The Leading Source for Global News and Information Covering the Ecosystem of High Productivity Computing
October 06, 2006
Tailored allocation management on NCSA's Tungsten cluster proves an important part of many researchers' workflows.
Once the allocations have been made and the highest-quality projects have been given set amounts of time, there are two straightforward ways of scheduling users on a supercomputer. One is egalitarian. A queuing system applies a set of rules -- based on the amount of time a particular job is going to take, how many processors are going to be used, and the like -- and puts people in line to wait their turn. The other is totalitarian. The decks are cleared for a big user, and he or she runs on a massive number of processors, perhaps the whole machine, for a long time.
Neither approach is ideal, and neither addresses more nuanced or immediate needs.
Take the case of the MILC collaboration, which studies quantum chromodynamics. In 2004, they received an allocation of four million CPU hours on NCSA's Tungsten cluster. By any reckoning, even one that comprises researchers at nine institutions, that's a massive allocation of time.
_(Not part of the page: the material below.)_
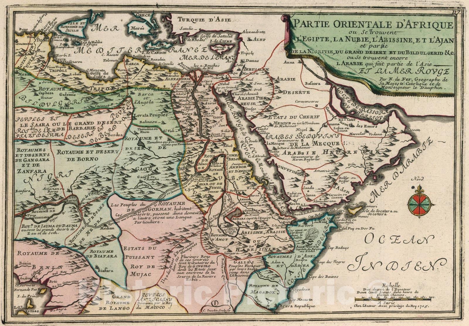 Historic Map : Partie Orientale d'Afrique ou se trouvent l'Egypt, la Nubie, l'Abissine, et l'Ajan., 1705, Vintage Wall Art
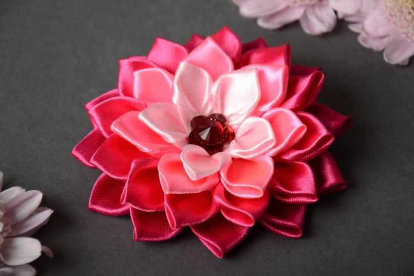Чтобы сделать заколку для волос по технике канзаши, можно использовать мастер-класс для начинающих с пошаговыми фото:

To use those resources sensibly and efficiently requires human decisions and policies that are well tuned to the various ways that researchers use the center's systems.
"Sitting down, going to talk to the users, and figuring out what they want. It's the only way to do this" when you have a broad variety of user needs, according to John Towns, who leads NCSA's Persistent Infrastructure Directorate. "'This doesn't work for me' is the last thing you want to hear."
A powerful machine is still important, and Tungsten is certainly that. It has a peak capability of more than 15 trillion calculations per second, making it the largest computer supported by the National Science Foundation and available for open scientific research.
A popular machine is also important, and Tungsten is that, too. In September 2005, about 162 million normalized units of computing time were allocated on Tungsten -- about 20 percent of the total parceled out by NSF across the nation. User requests for Tungsten were almost double that number, far exceeding the number available. This made Tungsten the most requested and the most allocated system in NSF's arsenal in September.
"If you allocate this large and popular a resource in the traditional ways, somebody always suffers. People with large runs wait a long time in the queues or don't get to run at all because the queuing system is set up to handle a large number of smaller jobs. Or the smaller jobs get brushed aside in order to dedicate the machine to large jobs. It's a tough balance to strike," Towns says.
"Tungsten is a resource that satisfies specific needs of the user community. It's a critical part of their research workflow," NCSA Director Thom Dunning says. "That means we have to tailor allocations to suit them. We planned for this sort of approach when we installed Tungsten, and the popularity and productivity among users really showed us that it was the right way to go."